«A todos los hombres le son reveladas todas las cosas o, por lo menos, todas aquellas cosas que a un hombre le es dado conocer», dice Borges en su cuento La noche de los dones. Se refiere a esas «dos cosas esenciales» que son «el amor y la muerte». Esos fueron los dones que el protagonista recibió en su apocalipsis nocturno.
Juan Manuel Blanes fue un gran artista, por eso pervive en la memoria de su pueblo. Pero era solamente un hombre y, como tal, sujeto a los mismos avatares.

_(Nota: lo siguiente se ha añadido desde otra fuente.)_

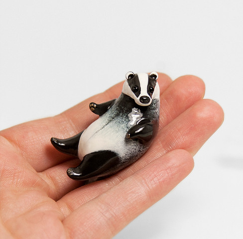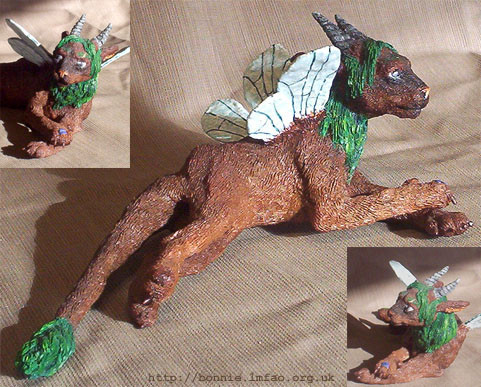 Super Sculpey over a wire and foil armature, painted with acrylics and sealed with spray varnish.

¿Conoció el amor? En el sentido que le da Borges en su relato, seguramente. En el de «deseo de unión, [que] nos completa, alegra y da energía para convivir, comunicarnos y crear», que le da la RAE, tal vez. ¿Conoció la muerte? Eso, sin duda. La de los otros y la suya propia, y en ese sentido fue igual a todos los hombres.
Raúl Montero Bustamante se ocupa, en su biografía sobre el artista, de la última etapa de su vida. Blanes, igual que Rodó, murió lejos de su patria. Si nos ajustamos a lo que son las propias declaraciones del artista en su correspondencia, en situación muy desgraciada. Había muerto su esposa que, con santa paciencia, había soportado las varias infidelidades de su marido. También su hijo Juan Luis había perecido en un accidente. Luego su hermano Mauricio. Y finalmente, su hijo Nicanor estaba desaparecido en Europa. En suma, el objeto del último viaje de Blanes a Europa y a su destino fue el de encontrar a Nicanor.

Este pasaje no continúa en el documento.